Sementara itu, seperti dituduhkan oleh para musuh petani, terutama para tuan tanah, pemerintah pusat dan pihak militer, gerakan petani di kawasan Luzon Tengah ini telah ditunggangi oleh para politisi kiri, bahkan oleh para komunis dalam barisan Partai Komunis Filipina (CCP) atau bahkan gerakan radikal bersenjata (NPA). Dalam sejarah, kawasan ini pernah menjadi daerah kekuasaan para pemberontak Hukbalahap setelah mereka ikut berjuang mengusir pasukan pendudukan Jepang. Tapi pertengahan tahun 1950-an pemerintah Magsaysay sudah melumpuhkannya. Usaha melumpuhkan kelompok bersenjata NPA pun terus dilakukan, termasuk oleh Cory Aquino sendiri.

Saling tuduh
Para anggota Kongres pendukung petani mendesak Malacañang melakukan investigasi resmi atas kekerasan yang terjadi. Tapi President Gloria M. Arroyo menolaknya. Polisi menuduh para petani membawa senjata ketika berdemonstrasi dan memprovokasi tentara dan polisi. Polisi menyatakan ada snipers yang bersembunyi di balik truk-truk pengangkut tebu. Organisasi petani membantah keras karena bukti-bukti senjata yang ditemukan itu bukan milik mereka tapi bisa saja dimiliki oleh para satpam dari hacienda. Cory Aquino di rumahnya merasa cukup dengan memanjatkan doa perdamaian.

Tuduh-menuduh memanas. Senator oposisi mantan jenderal Juan Ponce Enrile mempertanyakan mengapa tentara sampai harus dikirimkan ke perkebunan itu. Sementara itu sekretaris Menteri Tenaga Kerja Filipina Patricia Sto. Tomas membantah bahwa dirinya memerintahkan para tentara di perkebunan untuk menarik picu senjata. Para tuan tanah di Filipina memiliki pasukan bersenjata dan sering menyewa para tentara atau brigade mobil polisi untuk menjaga keamanan hacienda. Di pihak para petani Tarlac, mereka akan mengarak jenazah para korban untuk menghormati para pahlawan perjuangan tanah yang gugur, dan bersumpah tidak akan berhenti mendesak semua pihak. Namun, yang lebih memprihatinkan, Departemen Pembaruan Agraria (DAR) tegas menyatakan tidak memiliki wewenang untuk mencampuri konflik di hacienda Luisita. Keadaan tampak semakin rumit dan dapat menegang lagi.

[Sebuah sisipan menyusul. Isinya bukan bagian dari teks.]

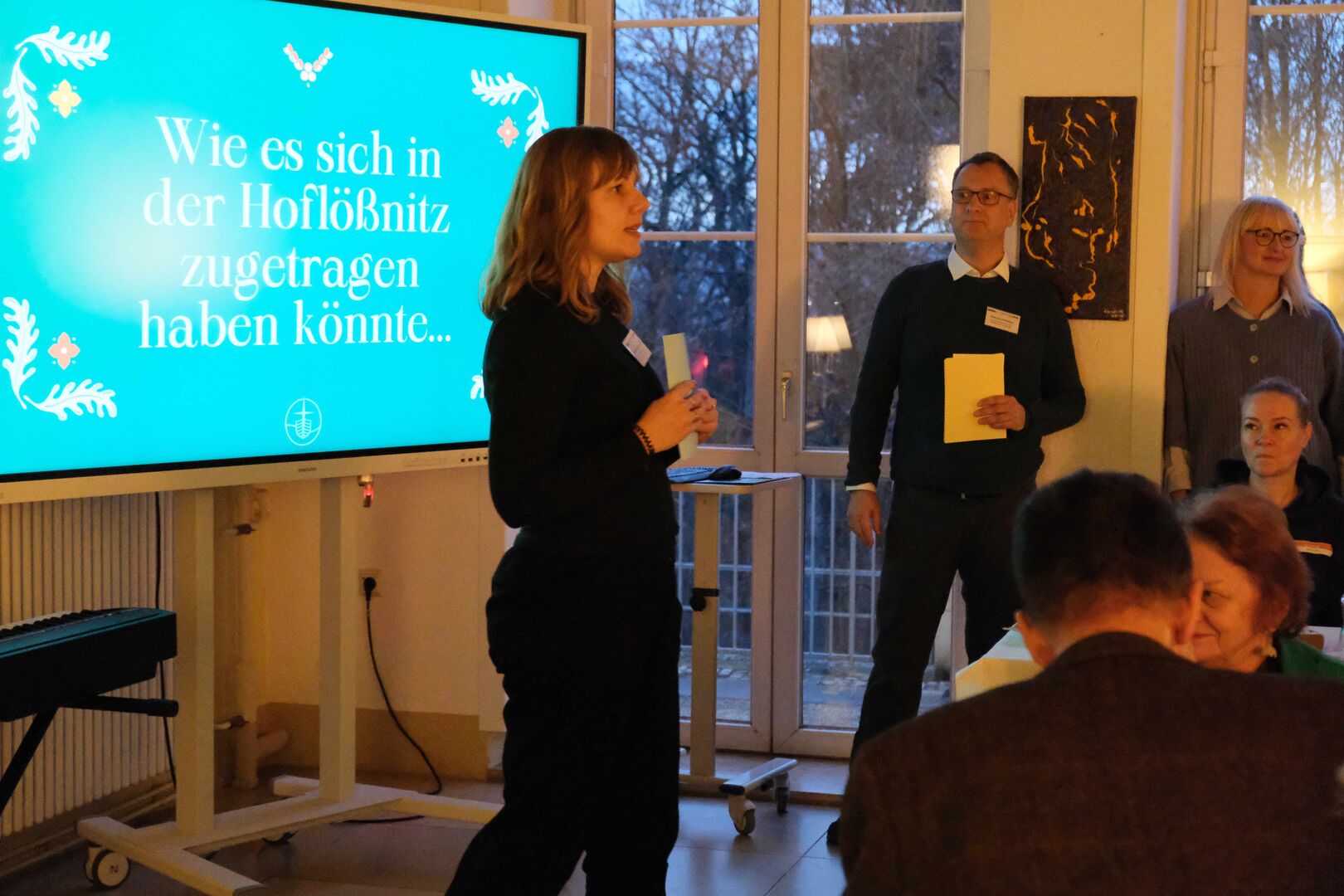 Inzwischen kommen zur Weihnachtsfeier so viele Gäste, dass wir vom Freizeitkeller in den Steinsaal der Wach’schen Villa umziehen mussten.
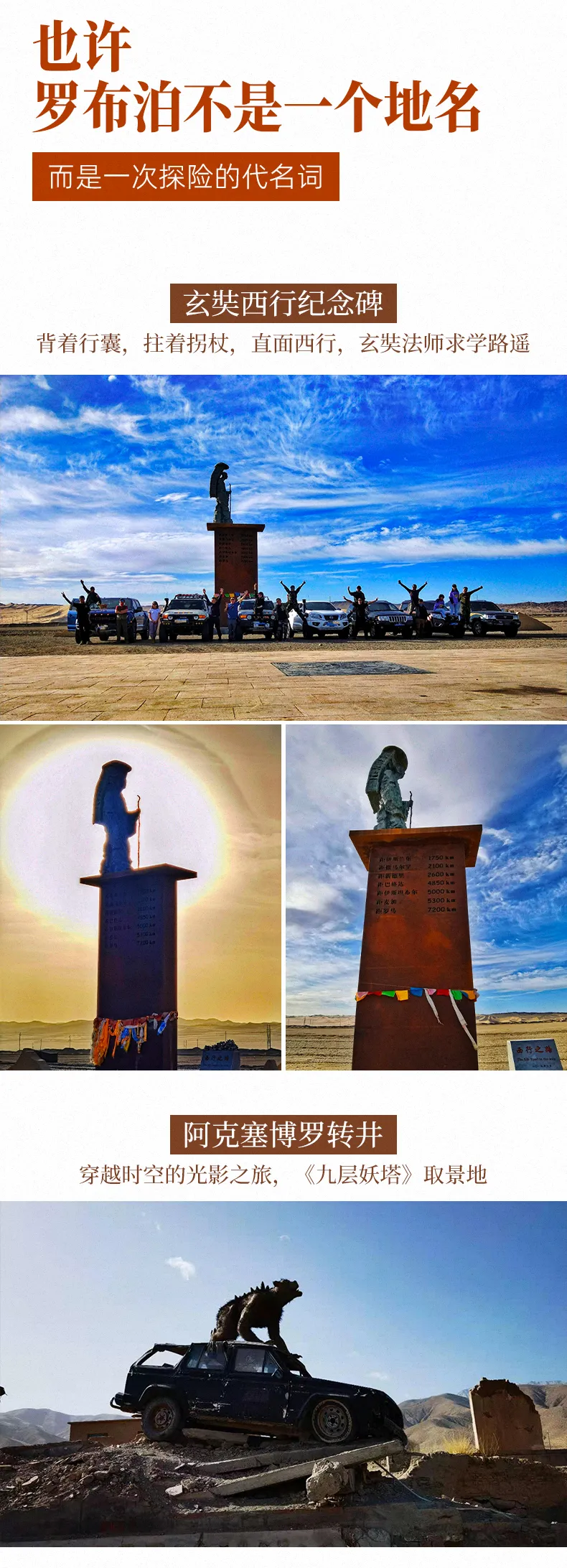 第一縷陽光灑在大漠中,追光者早已架起設備瘋狂捕捉,日出拍攝活動結束后,廚師早已為大家準備好熱騰騰的早餐。吃過早餐,開始新一天的征程,我們向“光”而行,感受薪火相傳的國家力量。彭加木,中國生物化學家、革命烈士,曾多次進入羅布泊開展科研工作,為中國的植物病毒研究做出了大量的貢獻。如今,他腳步最后消失的地方紀念碑已不復存在,但他的足跡仍舊停留于此?!九砑幽臼й櫦o念地】不是一處景點,而是心靈對話之地,國與家,奉獻與收獲。拜別了彭加木,我們趕往【一號科考紀念碑】,這是2003年中科院科考隊考察羅布泊時建立的第一個營地。我們繼續前行,去探秘沙漠中最像月球的地方【阿奇克谷地】。松軟的細沙、低矮的沙丘、平均風速最小、降雨量最小,是最適合實驗月球車的地方?!坝裢谩碧栐虑蜍囋谠卤黹_始漫步之前,已在這里行走一個月。如今我們還可以看到各種實驗殘骸,國家的力量在這里得以彰顯。一起去尋寶吧,在去往【天坑】的路上沿途分布著奇石灘涂,只要你有一雙發現美的眼睛,必能收獲屬于自己的奇石美玉,還有機會偶遇“恐龍蛋”哦,晚上我們便露營于此。
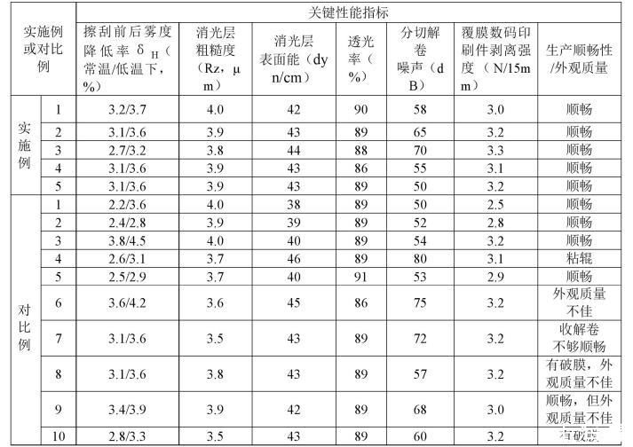 從實施例1~實施例5的數(shù)據(jù)可知,本發(fā)明的耐擦刮無膠消光膜在常溫和低溫環(huán)境下均具有良好的耐擦刮性能,實現(xiàn)了消光層表面在耐擦刮性、高表面張力(與印刷適性正相關(guān))與收解卷順暢性的平衡。其中實施例4中球體抗粘連劑為球體聚硅氧烷,雖然制得的薄膜的透光率相比實施例2有所下降,但是薄膜的分切解卷噪聲降低明顯,總體性能是符合本申請要達到的目標的。實施例5中,在熱復合層中加入了適宜熔融指數(shù)的高密度聚乙烯,其制備的耐擦刮無膠消光膜表現(xiàn)出更低的分切解卷噪聲,解卷順暢性更好,且未對薄膜的透光率和熱復合層與印刷件之間的剝離強度產(chǎn)生不良影響。
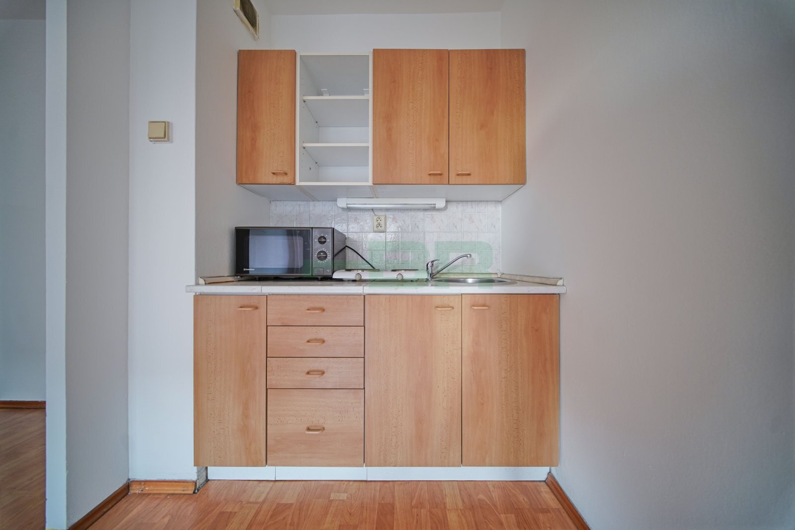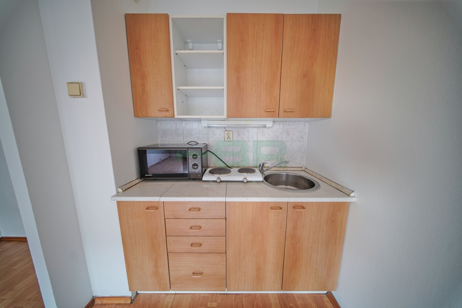 Dvě šatní skříně v předsíni + samostatná komora s policemi. Kuchyňská linka s mikrovlnkou a elektrickou dvouplotnou.

Di balik aksi tuduh-menuduh yang menandakan rumitnya keadaan hubungan agraria dengan semua anasir sistem politik masyarakat Filipina, kasus kekerasan di hacienda Luisita ini sendiri menyimpan bara yang sulit dipadamkan dalam sistem perundangan yang ada. Keluarga Cojuanco sudah berhasil memaksakan lolosnya modus SDO dalam sebuah momorandum “kesepakatan” (deferment) untuk masa 30 tahun sejak disahkan Mei 1989. Selama itu legalitas dan legitimasi apa pun dari segi pembaruan agraria, sekalipun sudah disahkan oleh negara, sulit digunakan untuk mendesak keluarga kaya itu meredistribusikan tanah-tanahnya.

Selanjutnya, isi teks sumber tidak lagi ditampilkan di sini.